「ドーピング」って何ですか?

 オリンピックや世界選手権、パラリンピックなどでもいつも話題に上るのが「ドーピング違反で出場停止」「メダルはく奪」などです。ではその中身はいったい何なのでしょうか?
 実は、スポーツマンの栄養管理で多用されている「サプリメント」の中身の15%は禁止薬物に抵触するとの報告があります。また、カフェインを多量に含んだドリンク剤も一定量を超えると急性中毒症を発症しますが、カフェインも「禁止物質」なのです。
 ドーピングの歴史は19世紀までさかのぼりますし、漢方薬などの「強壮作用」も該当します。ヨーロッパでは、競走馬への興奮剤の使用や自転車競技選手の成績向上を目的とした使用が指摘され、1886年に自転車レースでの最初の死亡例が報告されています。1960年のローマ五輪・自転車100Km団体レースではデンマークチームが興奮剤・アンフェタミンの使用によりチーム4名のうち1名死亡、2名入院という事態が起こっています。また本来は疾病からの回復を促進するための薬剤の「筋肉増強剤」としての使用も1950年代から始まっています。
 「ドーピング」が何故不正行為なのかについて、最大の問題点はこの「副作用」による健康被害の深刻さです(NHK:汚れた金メダル、2015年放映)。
 「運動」「栄養」「休養」のサイクルはトレーニング効果を左右します。
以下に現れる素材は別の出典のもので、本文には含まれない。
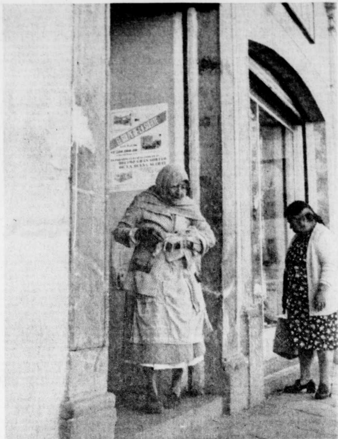
Un passé présent.

持久的トレーニング後は30分以内に「炭水化物(糖質)」を摂取することがスピード持久力のもと「筋グリコーゲン」の蓄積を促進します。また、筋トレ後の「たんぱく質(アミノ酸)」摂取は、筋線維の再生を進めます。有名な「インターバル速歩」後の牛乳摂取はこのメカニズムを利用した筋トレで、筋力増加に効果があることが実証されています(信州大学・能勢教授)。
 実は「筋肉増強剤」によるドーピングは、この効果的トレーニングのサイクルに一つだけ「間違い」を挿入しているのです。トレーニングを伴わない筋力増強剤単独では驚異的効果は得られないのです。また驚異的効果のある「サプリメント」と称する食品(薬品)のほとんどは禁止薬物を含有しているようです。
 現在は「禁止薬物リスト」に載っていない物質であっても「通常以上のトレーニング効果」を目的に使用した場合は「ドーピング」を判定されます。選手に帯同するトレーニングドクターの仕事の多くは、選手のケアと「体調不調時の健康管理(治療薬物の管理)」とのことです。(続く)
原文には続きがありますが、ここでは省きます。